Dataset-wide labels are propagated using banded Dynamic Time Warping on proprioception–action features.
Context- and Spatial-Aware Segmentation via VLM → LLM
Object tracking with interactive keyframe seeding
First, we obtain open-vocabulary tracks from demonstration videos using Grounded-SAM2. In addition to
text prompts, users can provide sparse keyframe annotations (boxes or point-groups) via a lightweight
UI. We maintain a label↔id mapping across keyframes and perform IoU-based association to
propagate
user labels to SAM2 track IDs. During propagation, we use a keep-alive strategy (bbox carry-over for
short outages) and periodic re-detection with Grounding DINO, reconnecting lost tracks via a score
that
mixes IoU and color-histogram similarity. This reduces fragmentations and preserves object identity
across occlusions.
To bootstrap object grounding, we first sample ~10 representative frames from episode 0 and feed them
into InternVL 3.5 to obtain a compact natural-language description of the overall task. For the same
frames, we apply Grounding DINO v2 to detect and segment task-relevant entities such as
left_gripper, right_gripper, and target objects (e.g.,
yellow_cup). If bounding box predictions fail for some frames, we allow lightweight
manual
correction (bounding box only) through the UI. The corrected boxes serve as anchors for SAM2, which
then
propagates object masks and bounding boxes consistently across the entire episode. This hybrid
strategy
(automatic detection + sparse manual fallback + SAM2 propagation) ensures that every frame obtains
reliable per-object segmentation, even under occlusion or detector failure.
Depth estimation and 3D back-projection
We estimate per-frame depths with VDA/DA2 (metric or relative; optionally scaled by a factor \(
z_{\mathrm{scale}} \)). As we obtained the pixel coordinates \( (u, v) \) of each object of interest
in
the previous step, given the corresponding depth \( Z \), we can recover its 3D position in the camera
coordinate frame via standard back-projection:
\[
\mathbf{p} = Z K^{-1}[u, v, 1]^{\top}
\]
This yields a center_3d for each tracked mask. We then compute frame-wise gripper–object
distances,
\[
r_t(g,o)=\|\mathbf{p}^{(g)}_{t}-\mathbf{p}^{(o)}_{t}\|_2
\]
for \( g\in\{\text{gripper\_left,gripper\_right}\} \) and task-relevant objects \( o \). For
multi-view
sequences, we build per-camera relations_3d from the set of \( r_t(g,o) \) values, and
prefer the head camera if present; otherwise we select the camera with the most valid relations at a
frame. We rely on temporal trends in \( r_t \) rather than absolute scale, avoiding the need
for extrinsics.
LLM-Based Segmentation Conditioned on VLM Summaries
From the sampled frames (typically 4–8) and their structured 3D cues, we query a VLM (InternVL) for a
strict-JSON, chronologically ordered episode summary. We then attach this VLM-produced summary as a
task
descriptor to the LLM prompt.
Using this VLM-produced descriptor, we perform LLM-based segmentation as follows.
The LLM receives: (i) a JSONL stream with frame-wise center_3d and
relations_3d for the full episode, and (ii) the VLM summary descriptor. It
outputs non-overlapping, inclusive index ranges labeled precision or casual.

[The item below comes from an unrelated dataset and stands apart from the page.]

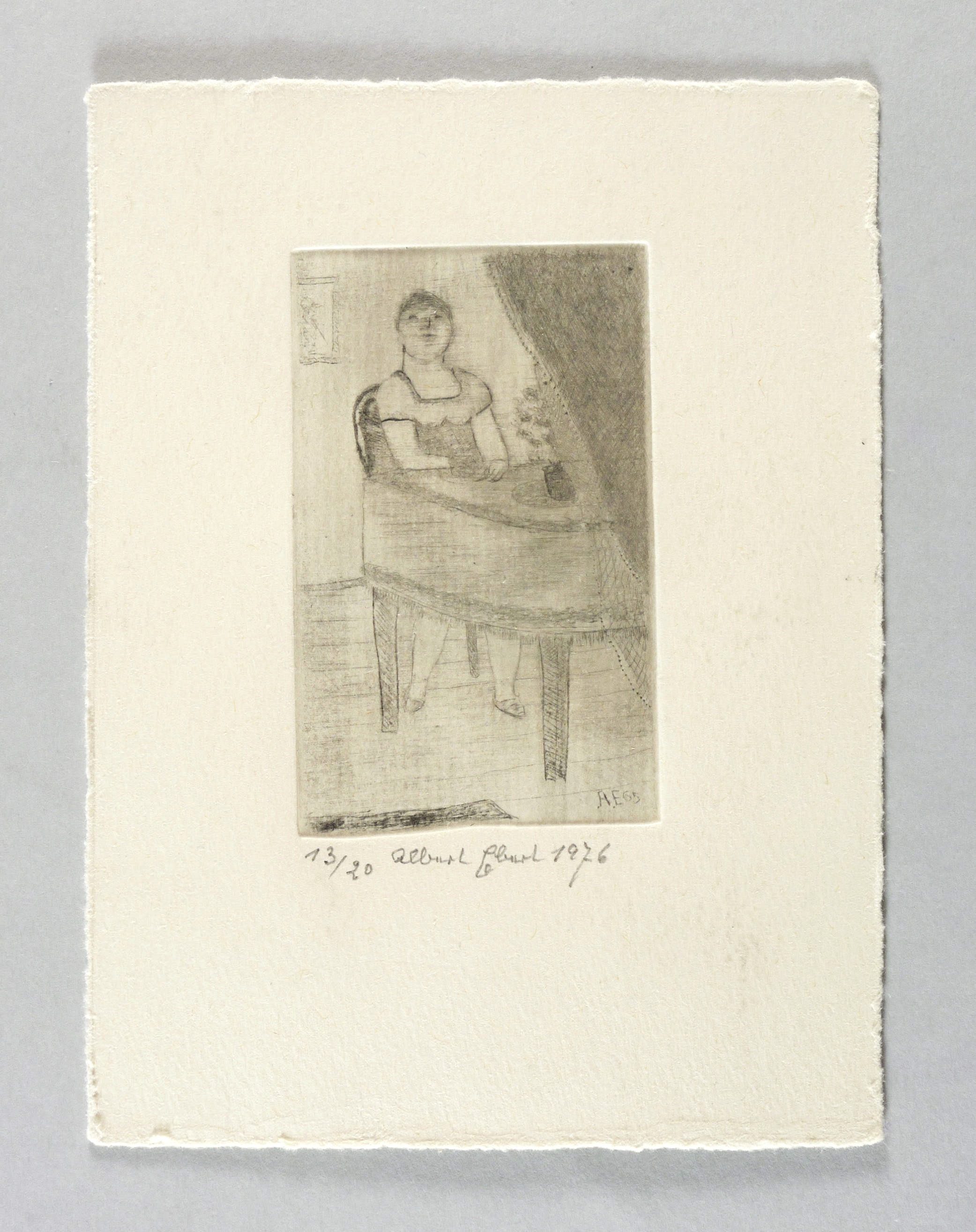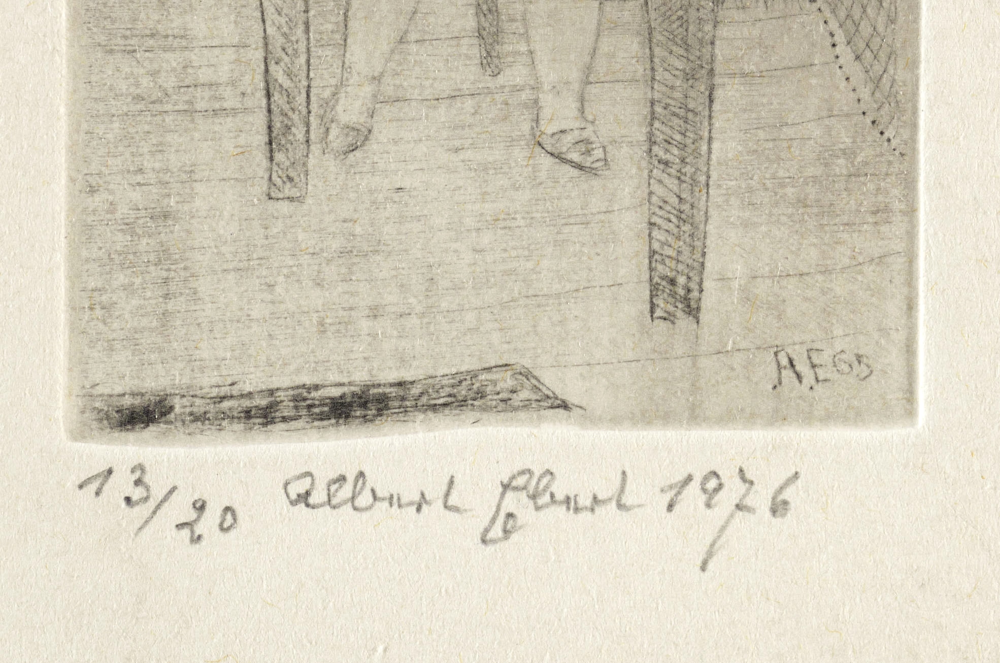 Brade-Stula R 44. – Rechts unten in Bleistift signiert und datiert: ″Albert Ebert 1976″. Rechts eigenhändige Auflagenbezeichnung. In der Platte rechts unten Monogramm und Jahr: ″AE 65″. – Provenienz: Sammlung Gottfried Müller (1921- 2013). 1974-2011 Inhaber der Evangelischen Buchhandlung und Antiquariat Max Müller in Chemnitz (Karl-Marx-Stadt). – Tadellos. Ohne Mängel. Sehr guter Zustand.

We encode policy hints to favor robust, human-like chunks:
- Intent criteria. Sustained near-contact plateaus and low-variance micro-adjustments
\(\Rightarrow\) precision; long approach/retreat or persistent far separation \(\Rightarrow\)
casual.
- Stability. Minimum segment length \( L_{\min}=8 \); merge same-label segments across
gaps shorter than \( G_{\min}=5 \); require \( \ge 3 \) consecutive frames to switch labels
(hysteresis); ignore micro-oscillations shorter than \( L_{\mathrm{micro}}=6 \).
- Parsimony. Prefer 3–4 segments unless strong evidence suggests otherwise.
Because the model may leave small gaps when confidence is low, we run a deterministic coverage
completion pass: fill gaps by extending the nearest high-confidence neighbor that best matches
the
local \( r_t \) trend, then re-apply the stability rules. The final set provides full
frame coverage with per-segment confidence.
Finally, to respect LLM context limits for long demonstrations, we apply token-budgeted sampling and
JSON slimming. Demonstrations often have thousands of frames, easily exceeding LLM context limits. We
therefore compute the maximum feasible sample count \( K \) by binary search over the measured
per-frame JSON length and select \( K \) evenly spaced indices, ensuring trajectory-wide
coverage under a fixed character budget. We further compact prompts by float rounding and
whitespace-free JSON serialization, reducing token overhead by ~30–40% without changing semantics.
Banded DTW Label Transfer from Episode-0
For datasets where only episode 0 is labeled, we propagate its segment labels (precision
/
casual) to the remaining episodes via banded Dynamic Time Warping (DTW).
Proprioceptive DTW Alignment
From each episode we build a per-frame feature vector using only proprioception and actions.
Concretely,
we concatenate z-scored features to form \( \phi_t \in \mathbb{R}^{D} \):
\[
\phi_t = [ a_t, \Delta a_t, v_t, \Delta v_t, \|a_t\|, \|v_t\|, \|\Delta a_t\|, \|\Delta q_t\|,
\|\Delta
v_t\|, \angle(a_t, a_t+\Delta a_t), \angle(v_t, v_t+\Delta v_t) ]
\]
where \( a_t \) are actions, \( q_t \) are joint positions, \( v_t \)
are joint velocities if available (otherwise we use \( \Delta q_t \) as a proxy), and
\( \angle(\cdot,\cdot) \) is the angle between successive vectors.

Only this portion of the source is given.